介護では、職場の人や施設の利用者、ご家族の方など、さまざまな人と関わります。
普段から関わっている人に限らず、たまに顔を合わせる人もおり、それぞれに合わせた付き合い方が必要になってきます。
もともと人と関わる仕事といえど、特に介護業界は人間関係の範囲が広いため、複雑化する可能性が高いです。
幅広い年代層のスタッフが従事している
介護業界は、30~40代の方が働いている割合が多いですが、10代後半~70代の方もおり、年齢層は分散されています。
それぞれの年齢層では価値観や考え方が異なり、それらを全てまとめることはなかなか難しいので、人間関係にも影響している可能性があります。
仕事に対する責任が重い
介護は人の身体や命を預かる仕事です。
そもそもの仕事に対する責任が重いという点も、人間関係が複雑化する要素の一つになる可能性があります。
介護の現場でのミスは、人命や大きな事故に繋がるため、ベテランから新人への指導が厳しくなることも多いでしょう。
業務過多と人手不足である
人間関係が複雑になりやすいことに加え、介護は重労働で低所得な場合が多く、離職率も高いというイメージがあります。

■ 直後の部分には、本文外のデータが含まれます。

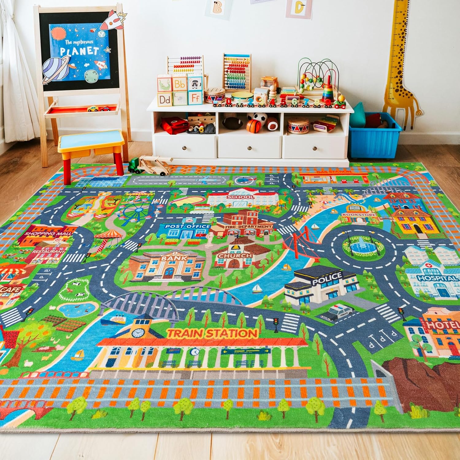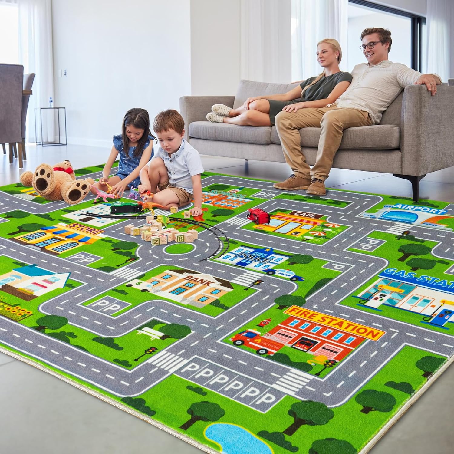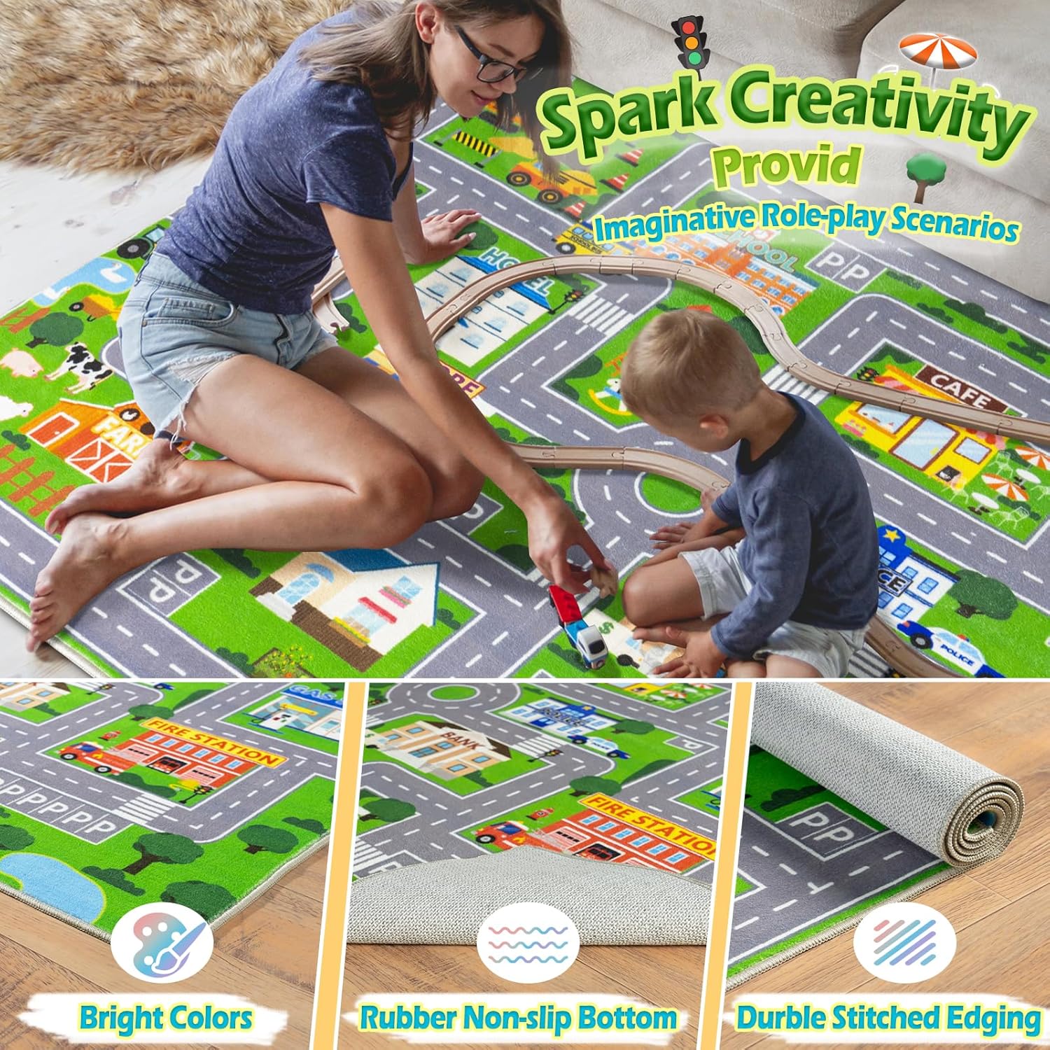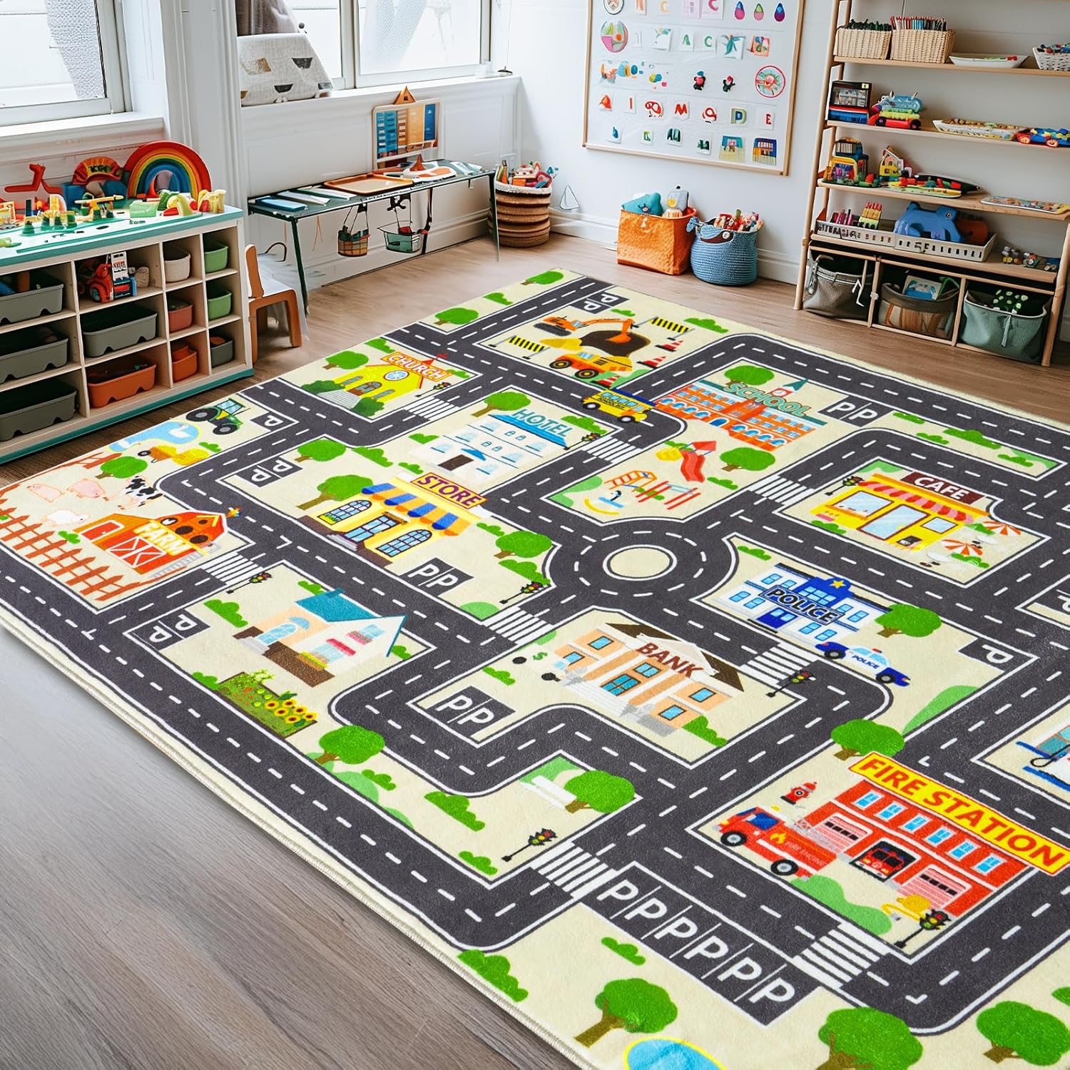 plumlik Car Rug Play Mat for Kids Toy Cars, City Road Traffic Playmat for Kid Bedroom, Non-slip Machine Washable Kids Rugs for Learn and Have Fun 4'x5'/ 48"x60", Green
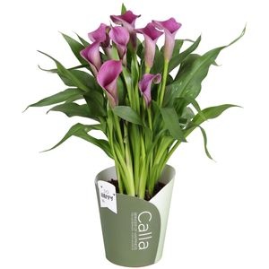 Geselecteerd artikel Zantedeschia Paco SoHappyCalla paars met groene potcover Artikelcode P03P
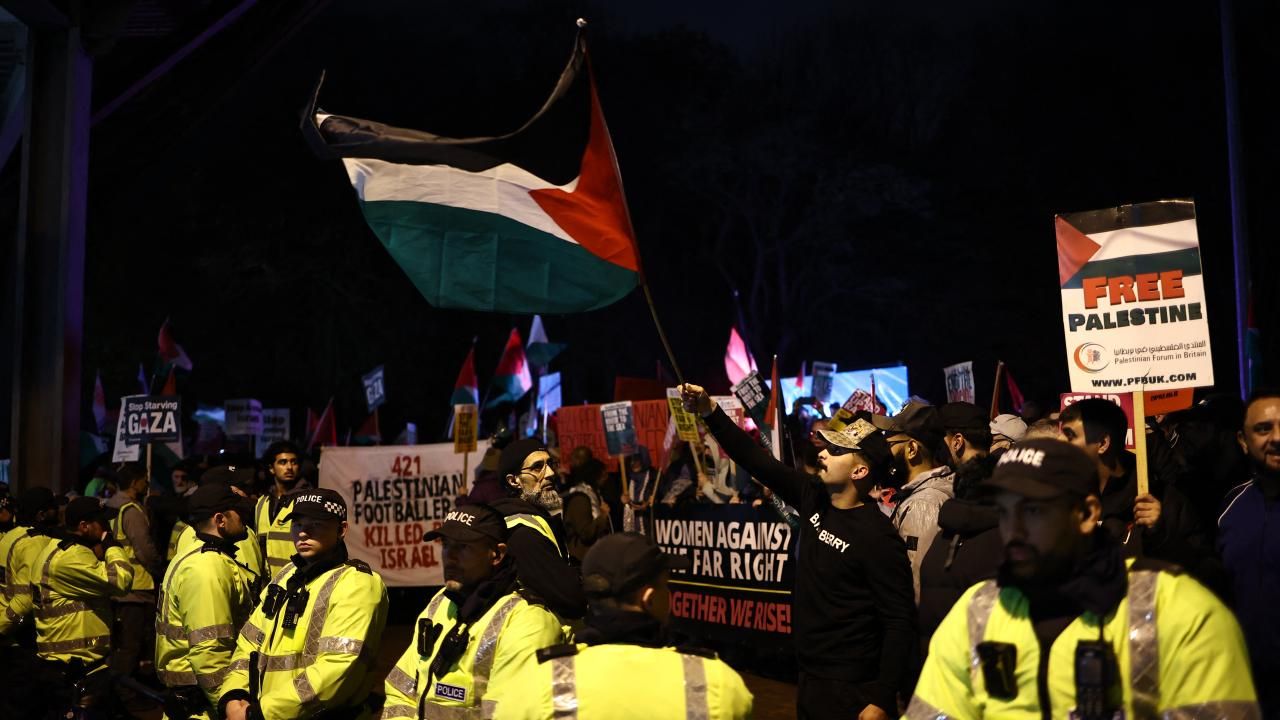 Filistin Dayanışma Kampanyası, Savaşı Durdur Koalisyonu, Britanya Müslümanlar Derneği, Al-Aqsa Dostları, Keşmir Dayanışma Kampanyası ve Britanya'daki Filistin Forumu'nun düzenlediği protestoya katılanlar Villa Park Stadı'nın önünde toplandı. "Özgür Filistin" sloganı atan ve stadın önüne dev Filistin bayrağı açan göstericiler, terörist İsrail'in uluslararası futbol karşılaşmalarından men edilmesini istedi.
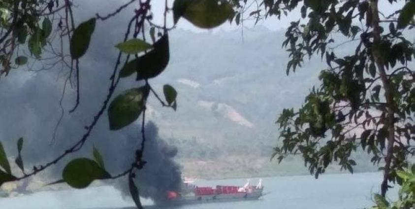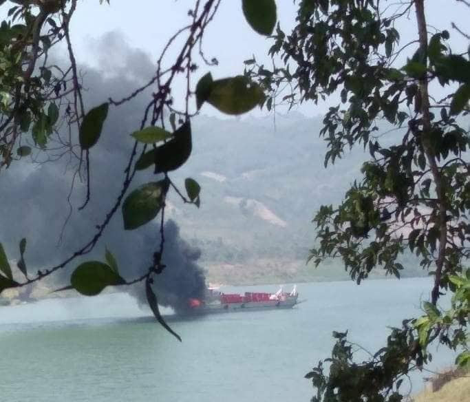 အဆိုပါဇက်သင်္ဘောမှာ ယခုအချိန်ထိ မီးများဆက်လက်လောင်နေသည်ဟု ကျောက်တော်ဒေသခံ ပြောသည်။
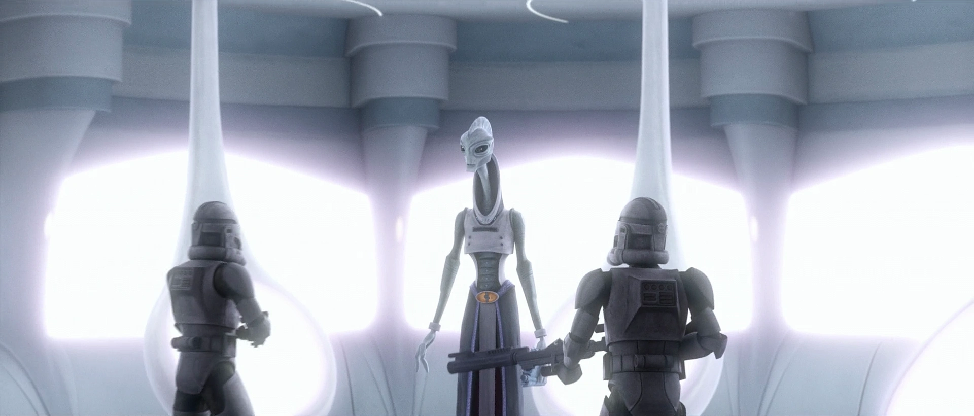 Nala Se escorted a unit of clone cadets out of the city, one of whom was curious why they were leaving as it was against protocol. However, she promised them they would finish their training elsewhere and still have the opportunity to be soldiers. Seeing the Prime Minister approaching, she excused herself from the cadets. Speaking in private, Lama Su informed Nala Se of the cancelled contracts, and admitted that the Empire was not like the Republic, and that the Kaminoans had empowered the Empire to their own detriment. Nala Se asked if they might be able to find new clients elsewhere, but the Prime Minister doubted the Empire would allow them to. He ordered her to gather the necessary personnel while he arranged for their departure.[2]

常に人手不足な業界であるため、職場に残っている人に仕事量が集中することが考えられます。
ストレスなどから人間関係を良好にする余裕が無いかもしれません。
介護に対する価値観が異なる
相手にするのが人である以上、基本的に関わり方に正解はありません。
例えば、「歩けるけれど転倒する可能性が高い利用者」がいた場合、「自力で歩くように促す」か「転倒するのは危ないので車いすを使う」かというように、意見が分かれることがあります。
働く人がベテランか新人、または以前の職場の環境が異なるなど、さまざまな理由で介護に対する価値観や考えが違うと、対立や孤立に繋がる可能性もあります。
職種が異なる
介護業界といっても、介護士もいれば看護師、施設の運営業側の人もいます。
利用者のプランを決定するとき、誰の意見で決めるかなど、意見が衝突することもしばしばあります。
それぞれの仕事の基本的な価値観や背景を全て把握することは大変でしょう。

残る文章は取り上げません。